BEGIN

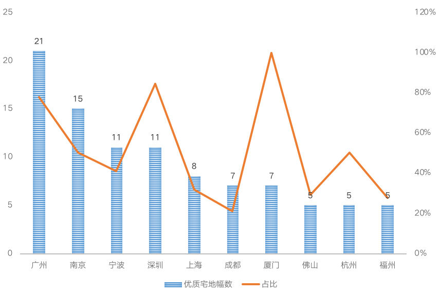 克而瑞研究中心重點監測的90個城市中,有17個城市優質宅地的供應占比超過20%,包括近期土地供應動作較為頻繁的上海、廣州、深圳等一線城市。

END
BEGIN

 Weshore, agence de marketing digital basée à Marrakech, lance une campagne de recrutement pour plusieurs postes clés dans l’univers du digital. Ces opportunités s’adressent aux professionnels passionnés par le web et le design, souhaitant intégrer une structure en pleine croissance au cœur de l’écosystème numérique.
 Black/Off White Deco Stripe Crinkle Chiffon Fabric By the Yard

END

* [How to complete this task] Output the lines of the records above exactly as they appear, from the line containing "Weshore, agence de" through the line containing "Black/Off White Deco".

* [Result of the task]
 Weshore, agence de marketing digital basée à Marrakech, lance une campagne de recrutement pour plusieurs postes clés dans l’univers du digital. Ces opportunités s’adressent aux professionnels passionnés par le web et le design, souhaitant intégrer une structure en pleine croissance au cœur de l’écosystème numérique.
 Black/Off White Deco Stripe Crinkle Chiffon Fabric By the Yard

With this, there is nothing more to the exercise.